Por fin eran desconocidos, su pasado quedaba olvidado. También para sí mismos eran desconocidos que habían olvidado quiénes eran o dónde estaban. La puerta de la biblioteca era gruesa y no les llegaba ninguno de los sonidos ordinarios que hubiesen podido recordárselo, que pudieran haberles contenido. Estaban más allá del presente, fuera del tiempo, sin recuerdos ni futuro. No había nada aparte de aquella sensación devastadora, emocionante y henchida, y del sonido de tela sobre tela y piel sobre tela mientras sus miembros se frotaban en aquel forcejeo incesante y sensual. Él tenía una experiencia limitada y solamente sabía de oídas que no necesitaban tumbarse. En cuanto a ella, aparte de las películas que había visto y las novelas y los poemas líricos que había leído, no tenía la más mínima experiencia. Pese a aquellas limitaciones, no les sorprendió la claridad con que conocían sus propias necesidades. Se estaban besando de nuevo, con los brazos de ella enlazados por detrás de la cabeza de él. Ella le estaba chupando la oreja y luego le mordía el lóbulo. Por acumulación, aquellos mordiscos le excitaron y le enfurecieron, le espolearon. Por debajo del vestido, tanteó en busca de las nalgas y las apretó fuerte, y le giró el cuerpo a medias para asestarle una cachetada de represalia, pero no había espacio suficiente para dársela. Con los ojos clavados en los de él, ella se agachó para quitarse los zapatos. Hubo más manoseos a tientas, botones que desatar y acomodos de los brazos y piernas. Ella no tenía la menor experiencia. Sin hablar, él le guió el pie hasta el estante inferior. Eran torpes, pero tan abnegados ahora que no sentían vergüenza. Cuando él le levantó de nuevo el vestido ceñido de seda, pensó que la expresión de incertidumbre en la cara de ella reflejaba la suya. Pero sólo había un final inevitable, y nada podían hacer para pararlo.

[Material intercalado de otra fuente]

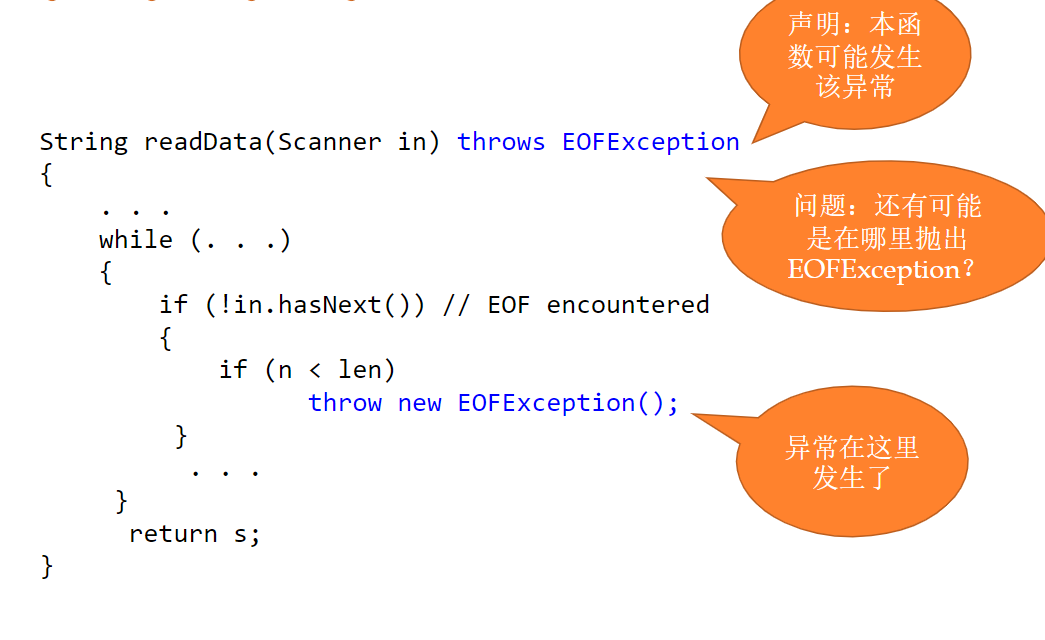 方法throws的异常包括:调用的其他方法抛出的checked exception;本方法创建的checked exception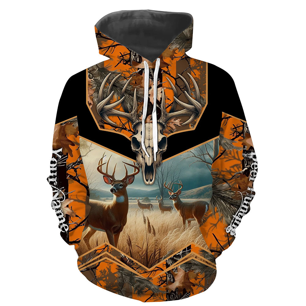 Deer Hunting Camo Custom Name 3D All over print Hoodie Orange Black - NQS64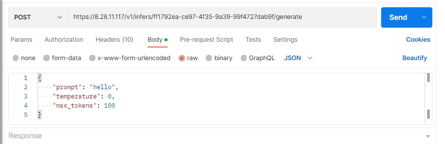 { "prompt": " Hello," "temperature": 0, "max_tokens": 100}Figure 3 Entering the request body of the third-party model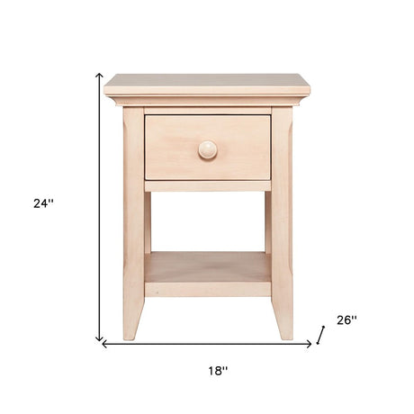 24" Sand Solid Wood Solid and Manufactured Wood One Drawer Nightstand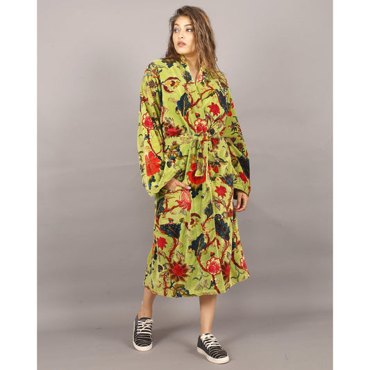Velvet Kimono/ Jacket-Birds of Paradise-Light Green
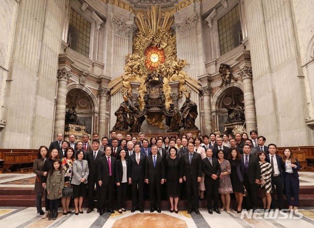 【바티칸=뉴시스】전신 기자 = 문재인 대통령이 17일(현지시간) 로마 바티칸 성 베드로 성당에서 열린 '한반도 평화를 위한 특별미사'를 마친 후 참석자들과 기념촬영하고 있다. 2018.10.18.

Sostenida contra el rincón por el peso de Robbie, ella volvió a enlazar las manos por detrás de su cuello, y descansó los codos en sus hombros sin dejar de besarle la cara. El trance, en sí mismo, fue fácil. Contuvieron el aliento antes de que la membrana se rasgara, y cuando lo hizo ella se zafó rápidamente, pero no emitió ningún sonido: pareció que se trataba de una cuestión de orgullo. Se aproximaron, se juntaron más hondamente y luego, durante varios segundos seguidos, todo se detuvo. En lugar de un frenesí extático, había inmovilidad. Estaban paralizados no por el hecho asombroso de haber llegado, sino por una sensación sobrecogida de retorno: estaban cara a cara en las penumbras, mirando fijamente a lo poco que podían ver de los ojos del otro, y ahora fue lo impersonal lo que cesaba. No había, por supuesto, nada abstracto en una cara. El hijo de Grace y Ernest Turner, la hija de Emily y Jack Tallis, los amigos de la infancia, los conocidos de la universidad, en un estado de gozo expansivo y sereno, afrontaban el cambio trascendental que habían alcanzado. La cercanía de una cara conocida no era absurda, sino maravillosa. Robbie miraba a la mujer, la chica a quien conocía de siempre, pensando que el cambio completo se había operado en él mismo, y era algo tan fundamental, tan fundamentalmente biológico como el nacimiento. Nada tan singular ni tan importante había acaecido desde el día de su nacimiento. Ella le devolvió la mirada, sorprendida por el hecho de su propia transformación, y abrumada por la belleza de una cara que la costumbre de toda una vida le había enseñado a pasar por alto. Susurró el nombre de él con la parsimonia de un niño que ensaya sonidos distintos. Cuando él respondió pronunciando el nombre de ella, sonó como una palabra nueva: las sílabas eran las mismas, pero el sentido era diferente. Por último, él dijo las dos sencillas palabras que ni el arte malo ni la mala fe pueden abaratar del todo. Ellas las repitió, con exactamente el mismo leve énfasis en la primera palabra, como si ella fuese la primera en decirlas. El no tenía creencias religiosas, pero era imposible no pensar que había una presencia o un testigo invisibles en la habitación, y que aquellas palabras pronunciadas en voz alta eran como las firmas de un contrato inmaterial.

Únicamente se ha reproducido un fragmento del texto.